The goal of this clinical trial is to is to test the safety of a new way to deliver a commonly used drug (amiodarone) used in heart surgery by placing a patch containing the drug directly on the heart instead of in an IV (vein). Participating subjects must be 20-85 year old males or females. Up to 80 participants having cardiac surgery at the University of Louisville will be involved in this study. The main questions this study aims to answer are: 1. Is the patch safe? 2. Does the patch lower the rate of atrial fibrillation (irregular heart rhythm) after cardiac surgery? Researchers will compare up to 3 different doses of the amiodarone patches (low, medium and high) to the usual treatment (Standard of Care) to see if there are differences (increases or decreases) in heart rhythms after cardiac surgery across study groups. Participants will be placed in one of 4 study groups: * Standard of Care (20 participants) * Low dose patch (20 participants) * Medium dose patch (20 participants) * High dose patch (20 participants) Participants will be monitored closely by their doctor(s) during the study and would: * Agree to participate after having their doctor, or a member of the team, explain the study in detail and allowing them to ask any questions they would like. * Sign an Informed Consent Form which will describe the study and tests in full. * Agree to have their doctor and his/her research team record your medical information, draw blood, and perform electrocardiograms, or EKGs (quick, painless test that measures the electrical activity of the heart) and echocardiograms (image of heart) to monitor their heart. * Agree to receive training on the portable EKG recorder and to use it at home approximately 30 days and 6 months after their surgery to monitor their heart. * Agree to return to the hospital approximately 30 days and 6 months after their surgery for a study visit. Participant involvement will be approximately 7 months total.

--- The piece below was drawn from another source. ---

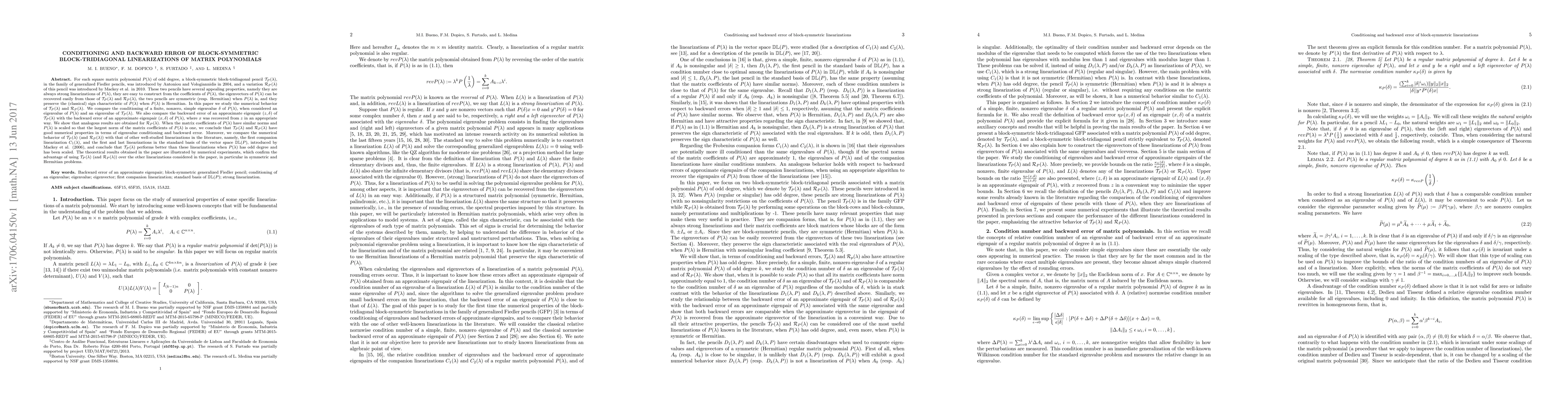For each square matrix polynomial $P(\lambda)$ of odd degree, a block-symmetric block-tridiagonal pencil $\mathcal{T}_{P}(\lambda)$ was introduced by Antoniou and Vologiannidis in 2004, and a variation $\mathcal{R}_P(\lambda)$ was introduced by Mackey et al. in 2010. These two pencils have several appealing properties, namely they are always strong linearizations of $P(\lambda)$, they are easy to construct from the coefficients of $P(\lambda)$, the eigenvectors of $P(\lambda)$ can be recovered easily from those of $\mathcal{T}_P(\lambda)$ and $\mathcal{R}_P(\lambda)$, the two pencils are symmetric (resp. Hermitian) when $P(\lambda)$ is, and they preserve the sign characteristic of $P(\lambda)$ when $P(\lambda)$ is Hermitian. In this paper we study the numerical behavior of $\mathcal{T}_{P}(\lambda)$ and $\mathcal{R}_P(\lambda)$. We compare the conditioning of a finite, nonzero, simple eigenvalue $\delta$ of $P(\lambda)$, when considered an eigenvalue of $P(\lambda)$ and an eigenvalue of $\mathcal{T}_{P}(\lambda)$. We also compare the backward error of an approximate eigenpair $(z,\delta)$ of $\mathcal{T}_{P}(\lambda)$ with the backward error of an approximate eigenpair $(x,\delta)$ of $P(\lambda)$, where $x$ was recovered from $z$ in an appropriate way. When the matrix coefficients of $P(\lambda)$ have similar norms and $P(\lambda)$ is scaled so that the largest norm of the matrix coefficients of $P(\lambda)$ is one, we conclude that $\mathcal{T}_{P}(\lambda)$ and $\mathcal{R}_P(\lambda)$ have good numerical properties in terms of eigenvalue conditioning and backward error. Moreover, we compare the numerical behavior of $\mathcal{T}_{P}(\lambda)$ with that of other well-studied linearizations in the literature, and conclude that $\mathcal{T}_{P}(\lambda)$ performs better than these linearizations when $P(\lambda)$ has odd degree and has been scaled.

The purpose of this study is to determine the safety of a drug-device treatment for the prevention of postoperative atrial fibrillation following open heart surgery. Approximately a quarter of patients will develop atrial fibrillation after open heart surgery. Atrial fibrillation is a type of irregular heart rhythm or arrhythmia, in which the heart does not pump effectively. This can lead to problems such as stroke, palpitations (an abnormal heart rhythm that can feel like your heart is racing or pounding) and prolonged hospital stays. The goal of this study is to determine if the application of a medication (amiodarone) containing patch on the surface of the heart at the time of surgery is safe, which may lead to a treatment to lower the rate of atrial fibrillation in patients undergoing open heart surgery. The study drug-device is not yet FDA approved.
Study Type
INTERVENTIONAL
Allocation
RANDOMIZED
Purpose
PREVENTION
Masking
DOUBLE
Enrollment
80
Intervention includes a topical, atrial-specific, amiodarone infused CardiaMend patch in the operating room and applied onto the epicardial surface biatrially
University of Louisville
Louisville, Kentucky, United States
RECRUITINGSafety, defined as major adverse cardiac and cerebrovascular events (MACCE), up to subject discharge.
MACCE is defined as in-hospital all-cause death, acute myocardial infarction (AMI), or ischemic stroke.
Time frame: From the day of the index procedure up to two months or date of hospital discharge, whichever is the sooner
Incidence of postoperative atrial fibrillation (POAF)
Incidence of POAF up to patient discharge; defined as subject experiencing atrial fibrillation/flutter (AF) after OR Exit that lasted longer than one hour, or lasted less than one hour but required medical or procedural intervention.
Time frame: From the day of the index procedure up to two months or date of hospital discharge, whichever is the sooner
Migration of cardiamend-amiodarone patches.
Confirm placement of patches with non-contrast thoracic CT scan on first 3 subjects from Group 2 (70 mg) prior to discharge.
Time frame: One day before the date of hospital discharge up to two months
Length of Stay.
Length of initial hospital stay.
Time frame: From the day of the index procedure to hospital discharge up to 2 months
Hospital readmission.
30 day readmission from discharge due to all cause complications based upon STS data
Time frame: Up to 30 days post-subject hospital discharge.
POAF duration
Duration of POAF, if observed.
Time frame: From the day of the index procedure up to two months or date of hospital discharge, whichever is the sooner
Discharge on antiarrhythmic drug.
Discharge on antiarrhythmic drug, if POAF observed.
Time frame: At subject hospital discharge to a maximum of 2 months post-index procedure date.
Discharge on oral anticoagulation.
Discharge on oral anticoagulation, if POAF observed.
Time frame: At subject hospital discharge to a maximum of 2 months post-index procedure date.